Hay que desafiar la lealtad a los secretos y los mitos. Su prima, que tan sólo
era una mujer llena de costuras, no había querido rendirse a lo que le
contaron. Y su tío, se fueron enterando, no era tampoco bueno ni malo, sino un
hombre malogrado incapaz para el valor, la palabra, el diálogo, el perdón. Eso
era lo que necesitaba su hija ahora y eso fue lo que le infundió valor para
encontrarlas.

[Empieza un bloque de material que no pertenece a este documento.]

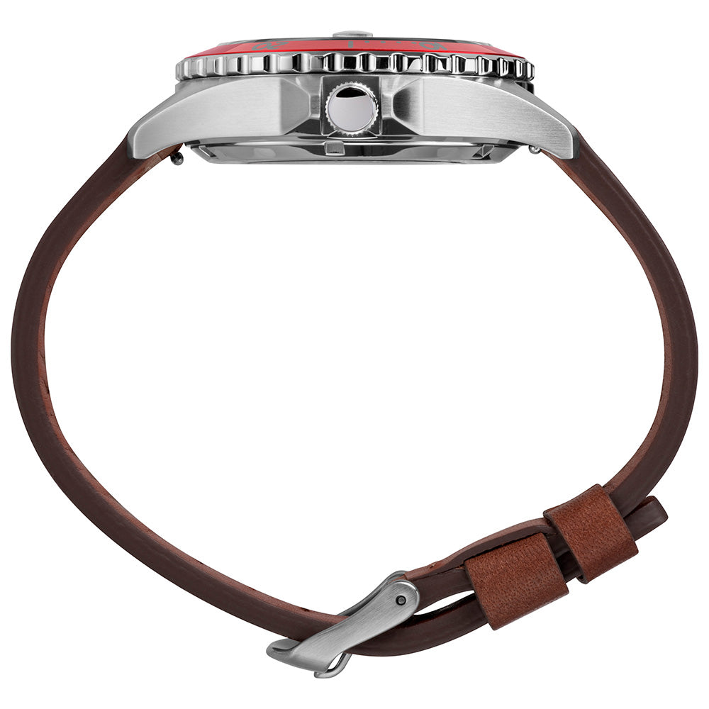 The best inspiration is always found while searching our archives. Our Navi XL Automatic brings together design inspiration from our earliest diver-style watches and pairs it with a 21-jewel automatic movement…so your watch keeps ticking as long as you keep moving. Powered by your motion as you wear the watch, the movement can store a maximum 40 hours of energy. If motionless longer than 40 hours, wind the watch using the crown until you feel resistance, set it and place the watch back on your wrist where every motion will provide energy for the movement. The stainless steel case with a rotating top ring, black dial and brown leather strap provide a modern take on this vintage design.

Ellas eran la palabra, una historia que nacía por una que moría.
Un vacío que se llenaba por capas.
Cuando volvieron al apartamento
de su madre ella buscó el cuadro del molino y se clavó delante un buen rato
como si jugara a las siete diferencias: tres planos de profundidad y un cielo
claro de nubes infantiles, fachada, escalinata, molino y, en los escalones, la
figura pequeña de una mujer que, bien mirado, no estaba subiendo sino
descansando o a la espera, sus pies dos motas juntas sobre el escalón. El
cuadro que llevaba en el maletero tenía dos figuras, en éste solo había una y
estaba quieta. ¿Por qué la borraría su abuelo en el segundo cuadro? ¿La
añadiría quizá a la primera versión? La mujer aquí estaba sola y se había
detenido, ¿qué pensaba? Sólo se veía su espalda y tenían que imaginar su
expresión, ponerle cara como ella había hecho en el funeral con su tío. La
mujer quieta vestida de azul recapacitaba y medía el vacío que había a su lado,
un vacío que su abuelo aprovechó para trazar su sombra sobre los escalones, con
una pincelada marrón precisa y breve.